Accent Translators in the Oval Office
In a revealing moment in 2025, the U.S. President reportedly used an accent translator—a tool or interpreter that modifies spoken English to an American accent—during press interactions, allegedly in scenarios where strong foreign accents made comprehension for the President difficult. Mercifully the executive orders of 2025 focused on language (making English the official language) but did not mandate or mention translators whose sole role is to render English in an American accent
In 2025 itself the President Trump complimented the UK Prime Minister on his accent. He said ““What a beautiful accent. I would have been president 20 years ago if I had that accent.” The remark was met with laughter from the audience and appears in multiple official transcripts, including the official White House transcript released by the Office of Communications.
This was not just about linguistics—it was a projection of cultural hierarchy. It showed how language, tone, and delivery are still used to mark who belongs in the room and who must be ‘interpreted.’
Modern-Day Sanctions: Economic Bullying in a Globalised World
The colonial playbook may be gone, but its tactics live on in economic coercion. In August 2025, the United States imposed a 25% tariff on Indian goods— and a week later an additional 25% as a punishment for India’s continued oil trade with Russia. This, despite the fact that the USA and Europe themselves have not stopped business with Russia, with the U.S. importing $17.5 billion worth of goods like palladium, uranium, and fertilizers from Russia in 2024. India’s Ministry of Commerce issued a detailed press release rebutting the move, pointing to the blatant double standards and emphasizing that India’s oil imports are driven by market factors to ensure energy security for its 1.4 billion people.
This is not just economic policy—it’s a slur in tariff form. Another version of the old refrain: “You bloody Indian.” A reminder that rules-based order often means “rules for you, exceptions for us.”

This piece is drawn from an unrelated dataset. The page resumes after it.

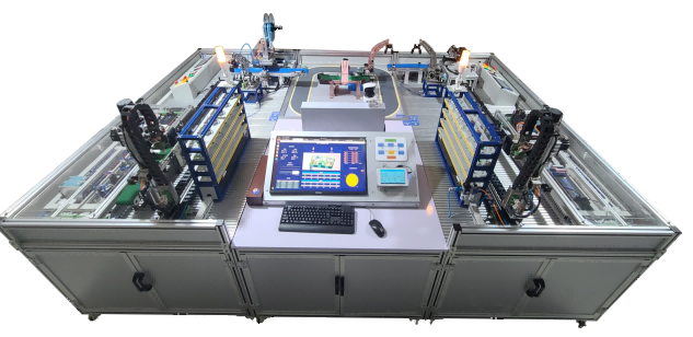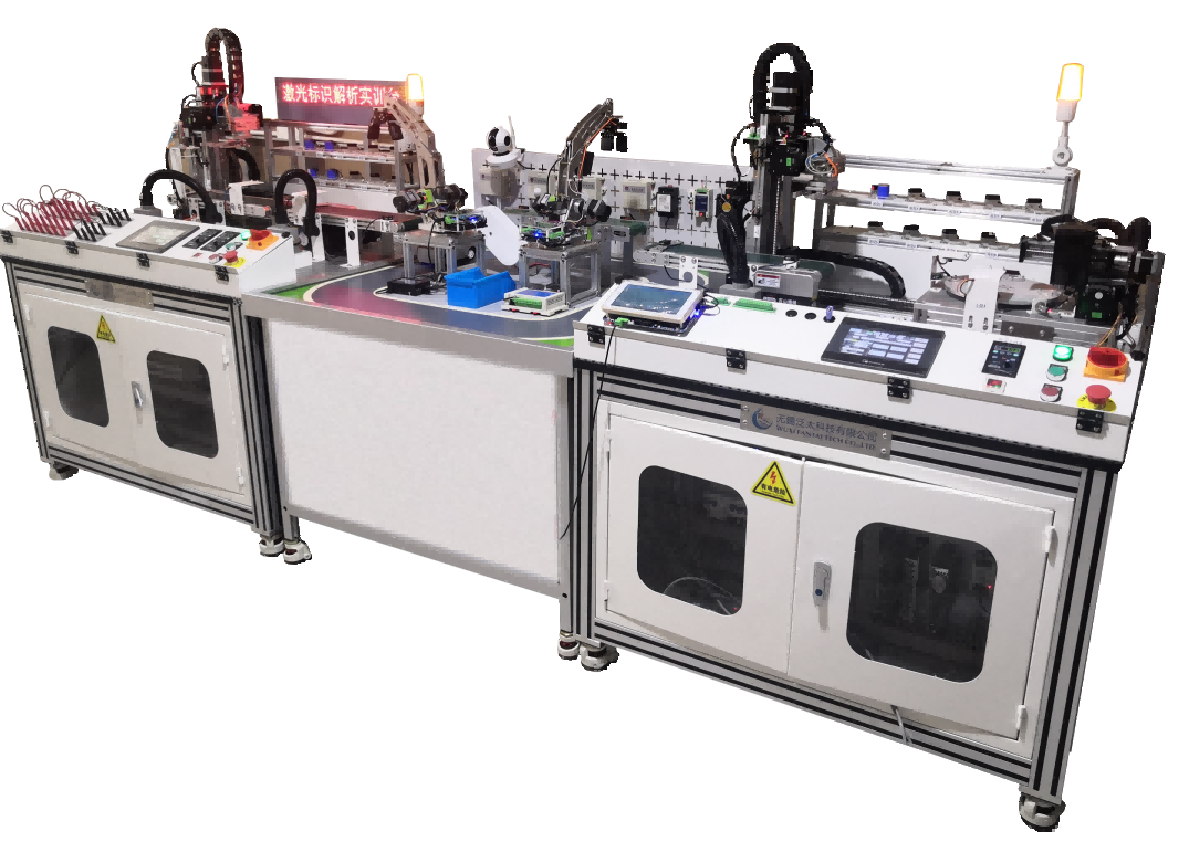 系統涵蓋立體倉庫堆垛機、加工轉臺、激光雕刻機、多自由度機器臂、AGV小車(chē)、機器視覺(jué)檢測裝置、流水線(xiàn)傳輸設備、RFID讀卡器、打碼裝置以及各種狀態(tài)監測傳感器,通過(guò)PLC電氣控制、嵌入式應用、AI機器視覺(jué)、工業(yè)現場(chǎng)總線(xiàn)和自組網(wǎng)通信等技術(shù),對工業(yè)設備進(jìn)行運動(dòng)控制、運行狀態(tài)動(dòng)態(tài)監測,實(shí)現出庫、上料、寫(xiě)碼、雕刻、傳輸、檢測、運輸、打碼、讀碼、打標、入庫等完整的工藝流程;通過(guò)智能網(wǎng)關(guān)和工業(yè)互聯(lián)網(wǎng)平臺,實(shí)現設備接入、數據采集、數據上云、產(chǎn)線(xiàn)管理、工件質(zhì)量分析、設備狀態(tài)監測、工件標識溯源、以及可視化應用。

Conclusion: Tech Without Justice Is Just Another Empire
The West’s technological success has been built significantly on Indian intellectual capital—developers coding applications, engineers testing systems, researchers training AI models. Yet when discussions turn to acknowledgment, collaboration as equals, or fair representation, the conversation often becomes evasive. This isn’t about harboring grievances or playing victim; it’s about demanding historical honesty and contemporary fairness.

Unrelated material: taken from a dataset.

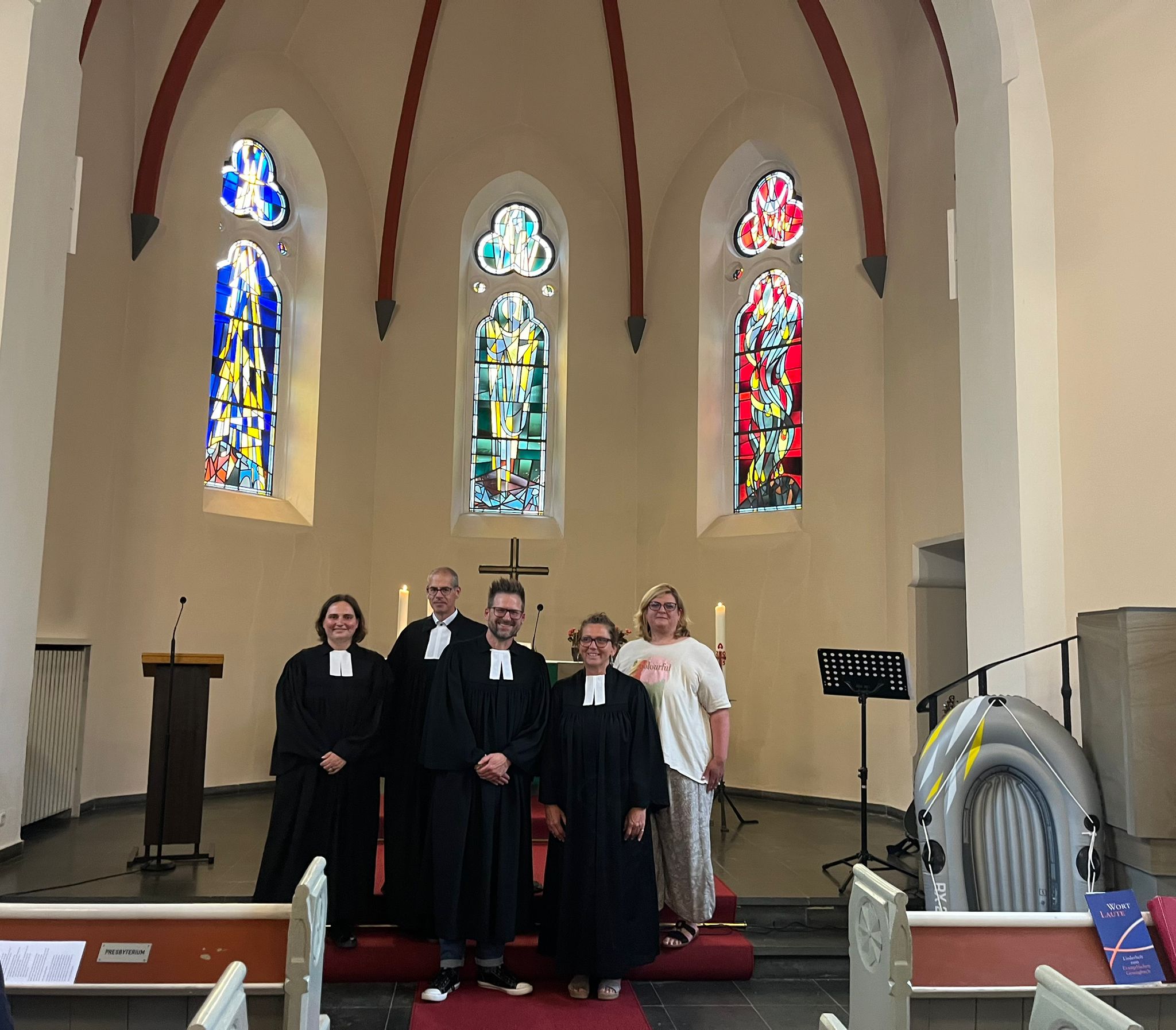 Ein zentrales Bild des Abends: ein Schlauchboot, das sinnbildlich durch die Kirche getragen wurde. Damit machten die neuen Mitarbeitenden und die Gemeinde deutlich: Man bricht gemeinsam auf – auch wenn das Gewässer nicht immer ruhig ist.

India stands as the sole ancient civilization that remains vibrantly alive—not preserved in archaeological sites or museum displays, but actively shaping the future through cutting-edge technology, space exploration, digital innovation, and democratic governance. This living legacy commands respect not merely when it serves others’ interests, but especially when it challenges comfortable assumptions. Because if there’s anything more formidable than artificial intelligence, it’s dignity rooted in millennia of contribution and continuity.